Attacks on civil society and the shrinking of safe spaces for dialogue dim the light that civil society is trying to shine on corruption and human rights violations. It also silences the voices calling for the promotion of democracy and strengthening of democratic institutions and democratic norms. Support includes security, targeted funding, refuge for dissidents, among other strategic initiatives to strengthen democracy.

Congress should pass bipartisan immigration reform that reduces pressure at our border and creates legal pathways for Northern Central American migrant workers to contribute to our prosperity

Every year that goes by without reforming the United States immigration system means a missed opportunity to ensure the future prosperity, vitality, and security of our Nation.

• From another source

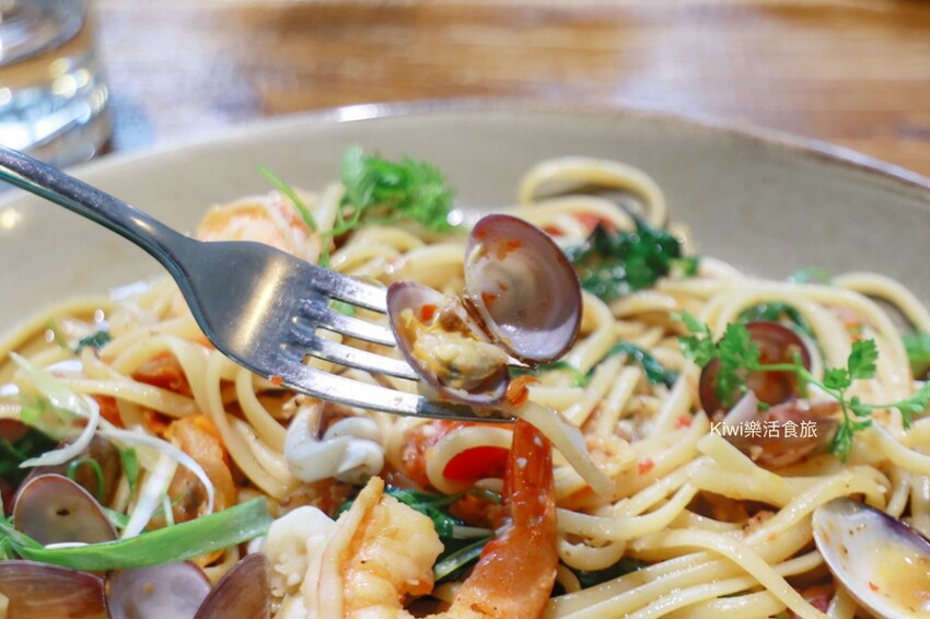 LeeLis餐點現點現做,這道鹿港海鮮市場義大利麵很夯,也是店裡招牌之一,將蝦猴醬炒入義大利麵中,很特別耶!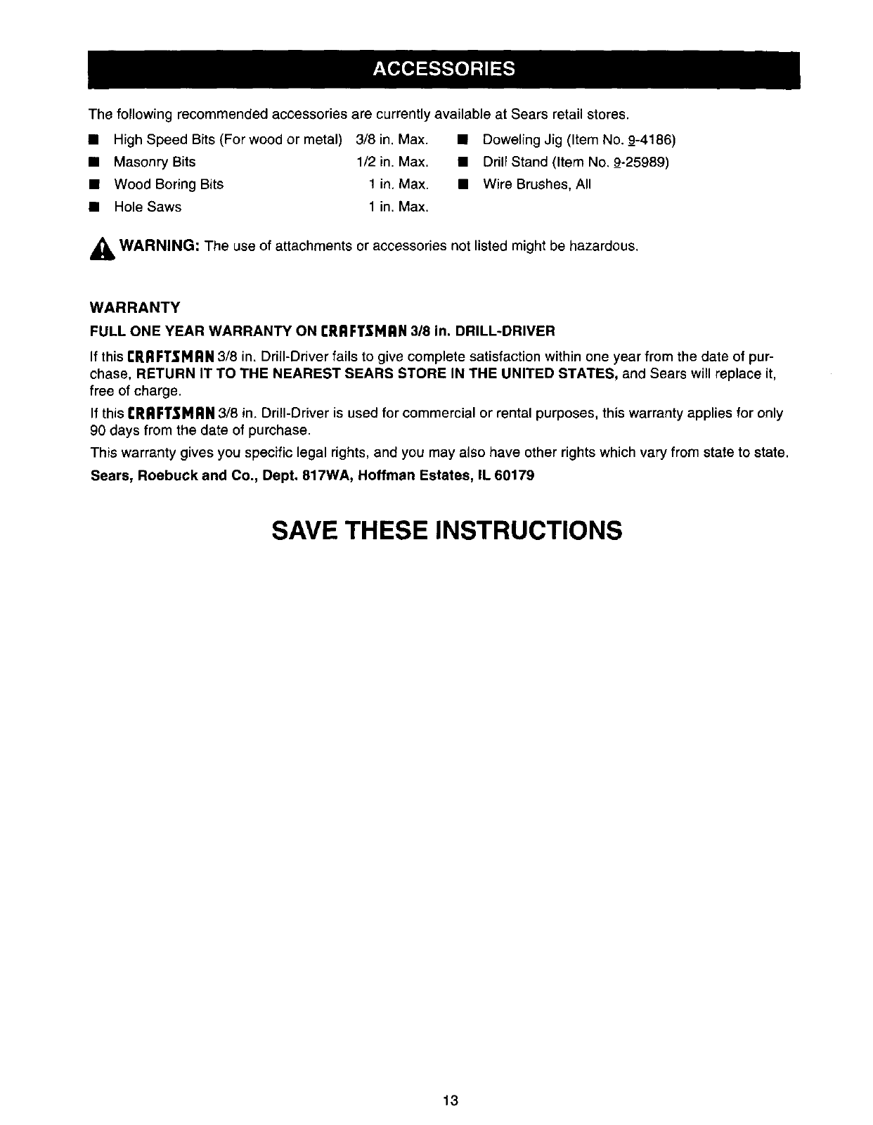 Craftsman 315101300 User Manual DRILL DRIVER Manuals And Guides L0110166

Investment in a 21st century approach to border management is a key to reducing pressure on our border. Read our immigration recommendations at www.bushcenter.org/immigration.

The U.S. government, in partnership with nonprofit organizations, should improve access to legal counsel and trauma support for women and girls fleeing gender-based violence

Violence against women and children (including gender-based violence) is a particularly insidious symptom of weak institutions and a suppressed civil society. The most vulnerable in a society suffer disproportionately when crime goes unpunished. You can read the Bush Institute’s recommendations regarding gender-based violence in Northern Central America at www.bushcenter.org/centralamerica.


Only the pillars of democracy – freedom, accountability, and opportunity – will sustainably reverse the momentum of the vicious cycle triggered by the root causes of migration. Free markets and free people are essential to lasting peace and prosperity.

Migration can ultimately be understood as part displacement and part citizens voting with their feet. Efforts to address the root causes of migration from Northern Central America need to bridge the gap between the root cause and democratic governance. A better business climate leads directly to lower corruption in the private sector, increased investment, more jobs in the formal sector, and increased tax revenue.

More jobs in the formal employment sector can make education more valuable, increasing the overall years in formal schooling. Alongside efforts to strengthen the justice system, reducing impunity and insecurity may ensure that the citizens of Northern Central America feel less pressure to leave. At these first inklings of hope, a robust civil society is important. Reduced migration means reduced remittances and increased pressure on the government to provide social services. Weak institutions and authoritarian leaders will not be keen to change the status quo. Civil society, including journalists, human rights defenders, and democracy promoters will play a key role educating the citizens of Northern Central America of their rights and exposing corruption and corrupt actors. With free and fair elections, leaders can be voted in that more accurately reflect the will of the people.

The global democratic community has a responsibility to support those working tirelessly to change the trajectory toward authoritarianism in their communities. The United States can do this in Northern Central America by taking tangible action, narrow in scope but broad in impact, informed by an understanding of the interconnectedness of the root causes of migration, to disrupt the vicious cycle of corruption, impunity, and authoritarianism. With our support, the citizens of Northern Central America can generate a wave, una ola, of not just better circumstances, but of hope.

Although commitment to democracy in the region is at a low point, the citizens of El Salvador, Guatemala, and Honduras ultimately do have the agency to vote for leaders that will uphold democratic norms and institutions and to vote out leaders that don’t. By their vote, their voice can be heard, and their governments held accountable.